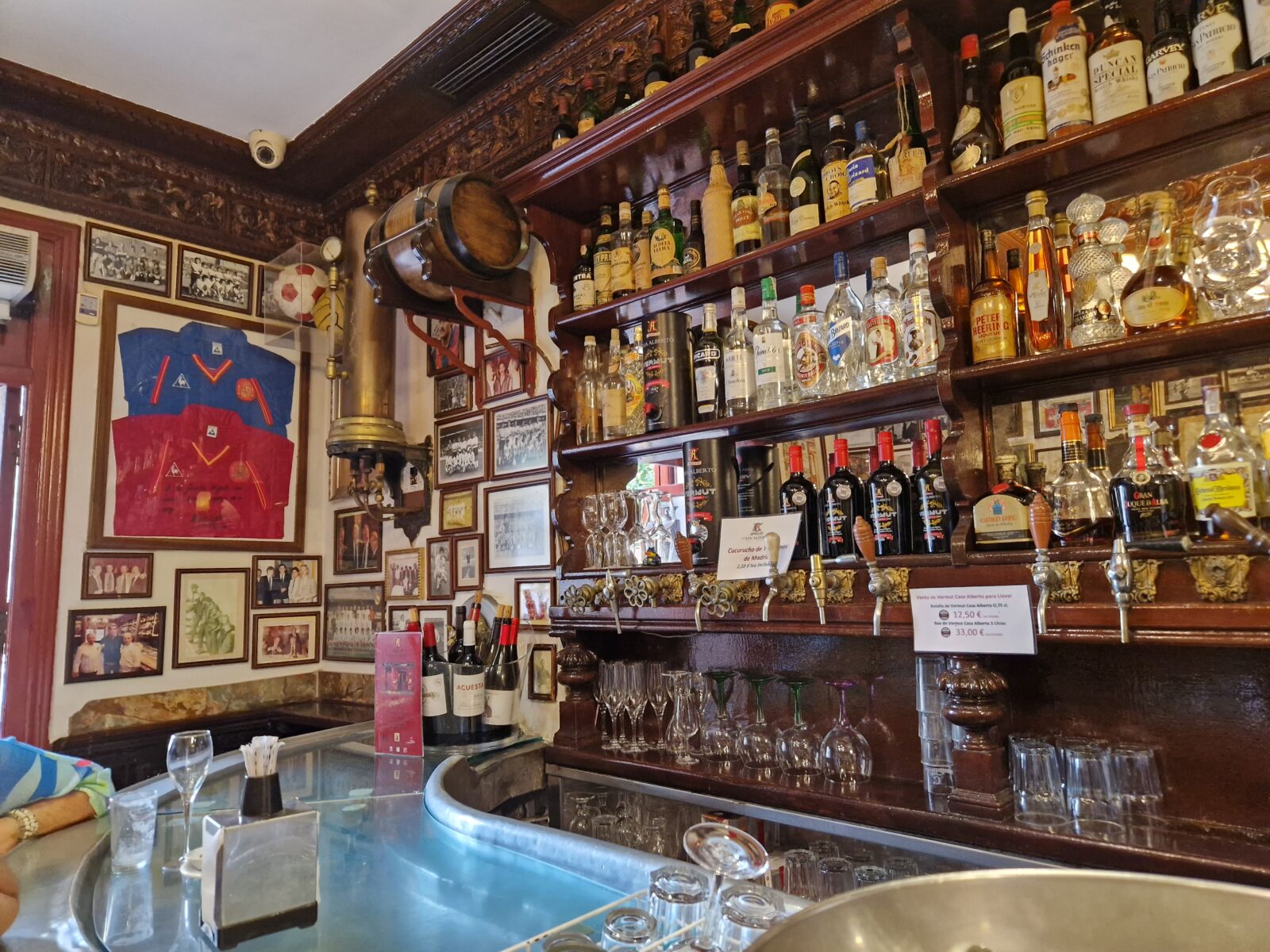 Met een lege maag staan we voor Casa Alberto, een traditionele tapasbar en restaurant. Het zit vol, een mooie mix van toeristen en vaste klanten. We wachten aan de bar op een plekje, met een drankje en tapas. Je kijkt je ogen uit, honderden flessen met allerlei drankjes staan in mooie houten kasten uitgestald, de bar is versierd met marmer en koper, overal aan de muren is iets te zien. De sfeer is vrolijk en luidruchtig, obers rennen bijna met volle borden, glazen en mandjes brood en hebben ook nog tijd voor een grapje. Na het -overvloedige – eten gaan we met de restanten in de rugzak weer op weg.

————————

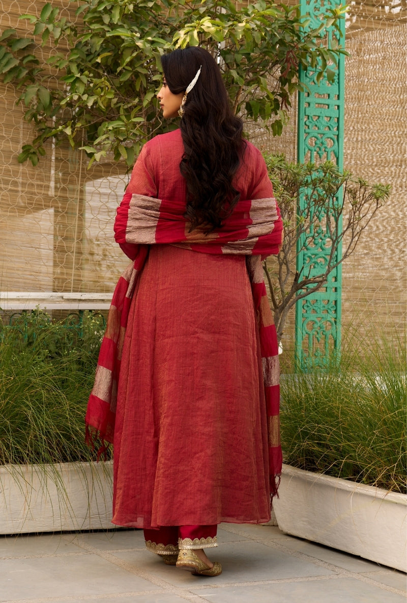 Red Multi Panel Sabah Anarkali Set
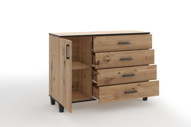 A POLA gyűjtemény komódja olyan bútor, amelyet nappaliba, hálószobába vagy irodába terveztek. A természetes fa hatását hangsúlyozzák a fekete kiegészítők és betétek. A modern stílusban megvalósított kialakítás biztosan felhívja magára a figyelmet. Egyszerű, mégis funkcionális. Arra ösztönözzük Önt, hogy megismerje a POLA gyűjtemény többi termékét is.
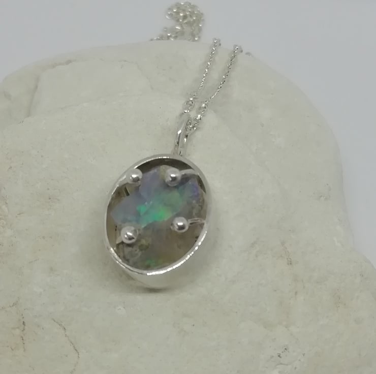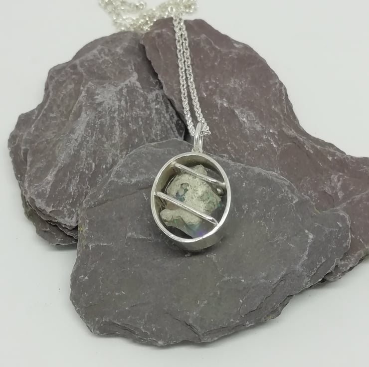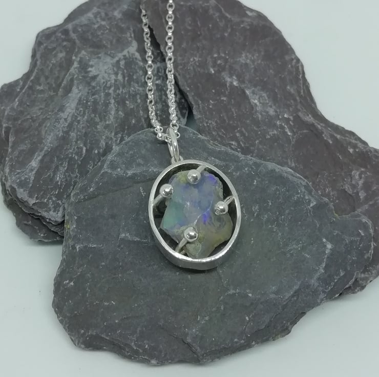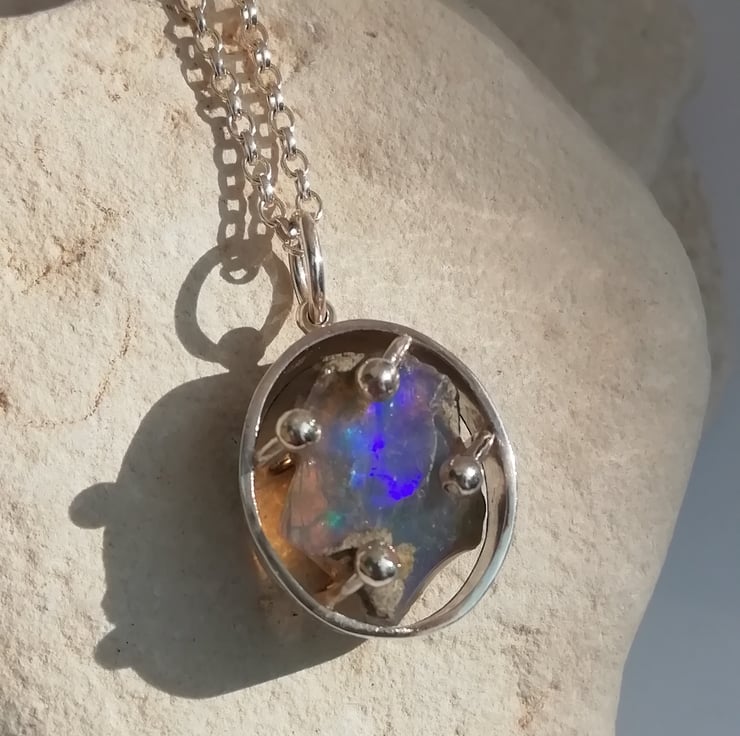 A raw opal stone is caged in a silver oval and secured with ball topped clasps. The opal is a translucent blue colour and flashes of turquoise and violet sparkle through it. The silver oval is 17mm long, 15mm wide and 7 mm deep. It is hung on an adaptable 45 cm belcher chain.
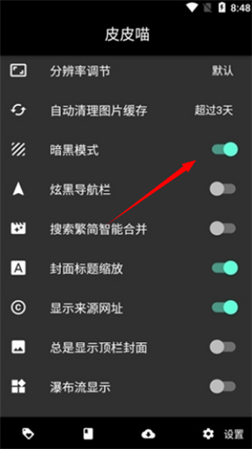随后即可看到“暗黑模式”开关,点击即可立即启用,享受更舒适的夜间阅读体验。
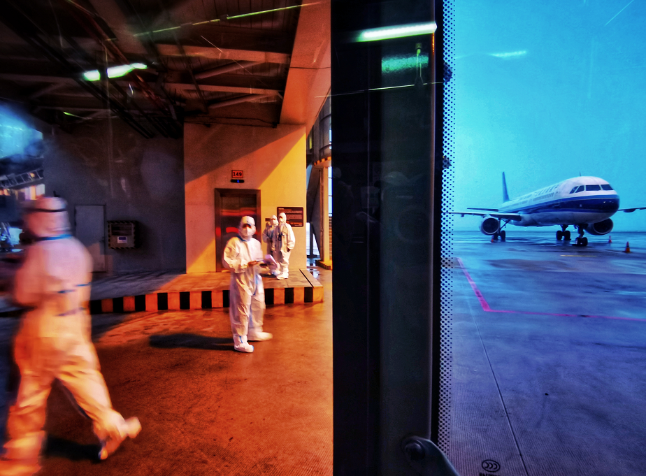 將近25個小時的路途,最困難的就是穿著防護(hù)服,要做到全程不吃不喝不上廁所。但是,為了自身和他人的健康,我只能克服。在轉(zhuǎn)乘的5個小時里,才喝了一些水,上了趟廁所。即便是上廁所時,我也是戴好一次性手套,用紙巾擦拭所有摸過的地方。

————————

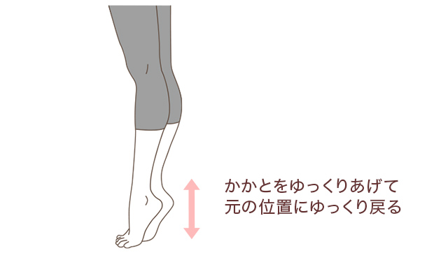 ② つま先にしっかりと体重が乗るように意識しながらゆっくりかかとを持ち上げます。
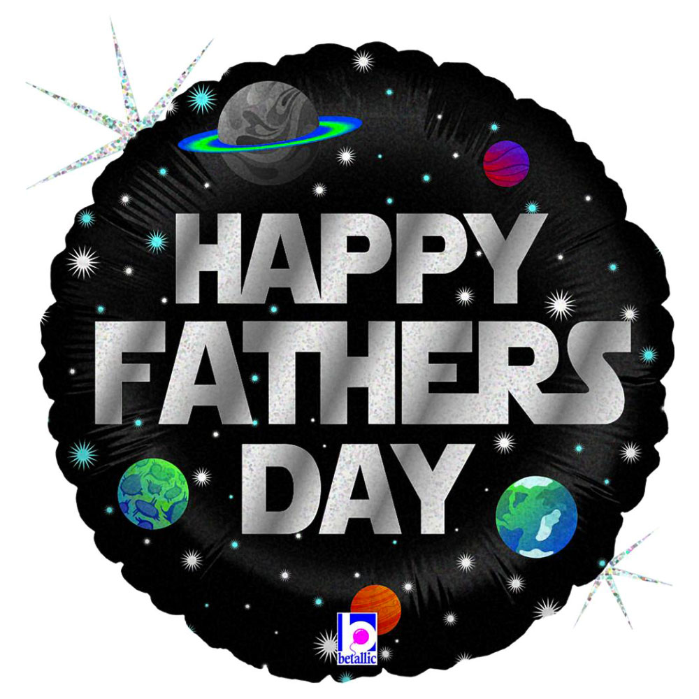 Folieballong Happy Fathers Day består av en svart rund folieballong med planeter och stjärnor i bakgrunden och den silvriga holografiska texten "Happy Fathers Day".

————————

▶ WORK INSTRUCTIONS
Without the pictures, give again exactly the lines above starting at the line containing "A raw opal stone" and ending at the line containing "將近25個小時的路途,最困難".

▶ SOLUTION
 A raw opal stone is caged in a silver oval and secured with ball topped clasps. The opal is a translucent blue colour and flashes of turquoise and violet sparkle through it. The silver oval is 17mm long, 15mm wide and 7 mm deep. It is hung on an adaptable 45 cm belcher chain.
随后即可看到“暗黑模式”开关,点击即可立即启用,享受更舒适的夜间阅读体验。
 將近25個小時的路途,最困難的就是穿著防護(hù)服,要做到全程不吃不喝不上廁所。但是,為了自身和他人的健康,我只能克服。在轉(zhuǎn)乘的5個小時里,才喝了一些水,上了趟廁所。即便是上廁所時,我也是戴好一次性手套,用紙巾擦拭所有摸過的地方。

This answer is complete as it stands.